The spiritual dimension of wilderness
The manifestation of spirituality in the wilderness concept both reflects the unmet needs of our urban, utilitarian, commodity-driven culture, and reveals some archetypal part of us that this culture obscures.
Kaye, R. (2006). The spiritual dimension of wilderness. International Journal of Wilderness, 12(3), 4-7.
The association between wilderness and spirituality reaches back thousands of years. In Western traditions, leaders and prophets such as Jesus, Moses, Elijah, and Muhammad left their society to find their vision and inspiration in the wilds. The Buddha’s remote sojourn provided spiritual insights that were influential in the East and in the formation of Thoreau’s transcendentalist ideas—a foundation of the American wilderness movement. For Thoreau, wilderness was a medium for transcending the effects of socialization and conformity (figure 2), and coming to the humbling recognition that we are “an inhabitant, or part and parcel of nature”(Thoreau 1906).
Aldo Leopold (1987) further incorporated the spiritual implications of ecological and evolutionary thinking into the emerging wilderness ethic. The wilderness movement, he wrote, was “one of the focal points of a new attitude—an intelligent humility towards man’s place in nature.” Even the gung-ho Bob Marshall, late in his life, came to the realization that the dominant value of wilderness was “being part of an immensity so great that the human being that looks upon it vanishes into utter insignificance” (as cited in Zahniser 1957).
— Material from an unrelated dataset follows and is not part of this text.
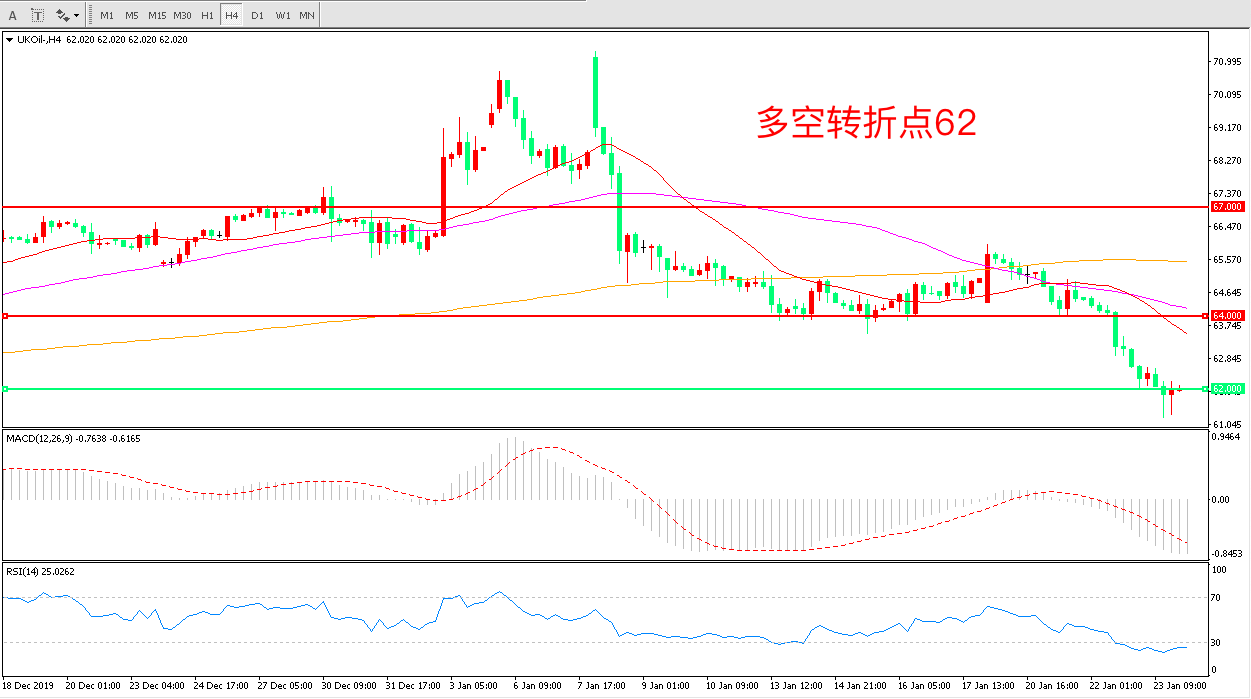 交易策略:在62.00之下看跌,目标60.00 57.00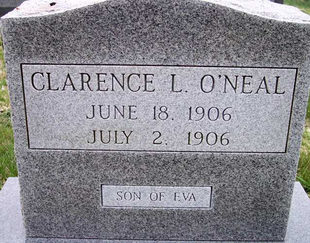 | O'Neal, Clarence L. | June 18, 1906 | July 2, 1906 | Son of Eva |

This diminishment of the self, the ego, and the sense of connection with something timeless and universal was the central motivation, the spiritual motivation, of Wilderness Act author Howard Zahniser, who was compelled by the belief that “we deeply need the humility to know ourselves as the dependent members of a great community of life”
Whether religions are based on a God, animistic spirits, an Eastern philosophy of harmony and unity, or belief in one’s embeddedness in the natural world, they share a core function:
They replace the self as the “ultimate,” with a sense that the self is part of a larger, more enduring reality. In the words of psychologist Mihaly Csikszentmihalyi, they all provide a sense “that one belongs to something greater and more permanent than oneself” (1997). Historically, this has been expressed as a core wilderness precept. Its psychological universality suggests an innate underpinning—that there is likely an evolutionary human predisposition for this impulse for connection to some larger, greater, encompassing ultimacy.
Piedmont (2001) documented the positive correlation between such benefits and individuals whose orientation fits within this summary definition of spiritual:
The capacity of individuals to stand outside of their immediate sense of time and place and to view life from a larger, more objective perspective. This transcendent perspective is one in which a person sees a fundamental unity.
“wilderness experience contributes to personal growth, and enhanced self-identity, self-efficacy, and self-esteem. Yet although meaningful and beneficial, these self-constructs are not, in themselves, spiritual as many psychologists define spirituality. The work of Marilyn Riley and John Hendee (2001) suggests that these “self” aspects comprise an initial, or prerequisite stage through which one must pass in the process toward transcendence—described by psychologists Steven Kaplan and Janet Talbot (1987) as their subjects’ emergent feeling of “a sense of union with something that is lasting, that is of enormous importance, and they perceive as larger than they are” (p. 195). In examining the “wilderness effect,” psychologist Robert Greenway (1995) found that for many of his subjects, a primary value of their trip was the “perceptual shift” they experienced. He found an expansion of the self, and a lessening of the ego and culturally reinforced individualistic thinking patterns. His term perceptual shift is worthy of attention because it lends insight into the actual nature, onset, intensity, and duration of transcendent experiences in wilderness.
They are seldom sudden, intense, ecstatic, or comparable to reported religious conversion experiences. In fact, the word experience may be misleading if taken to mean a discrete event or episode. As Barbra McDonald et al. (1989) have noted, the term spiritual growth better describes the gradual change in awareness more characteristic of the phenomenon.”
Wilderness is also a symbolic environment, a socially constructed behavioral setting. Like a church, cathedral, or monument to which it is so often compared, wilderness has become invested with meanings that make it prone to support spiritual interpretation and experience.
The manifestation of spirituality in the wilderness concept both reflects the unmet needs of our urban, utilitarian, commodity-driven culture, and reveals some archetypal part of us that this culture obscures. Wilderness is both a place and a system of belief and feeling about our role in the larger scheme of things. Geographically, wilderness is a remnant of our world that is still natural, wild, and free. Spiritually, it is a refuge for that part of ourselves that seeks connection, belonging, and rootedness within that world.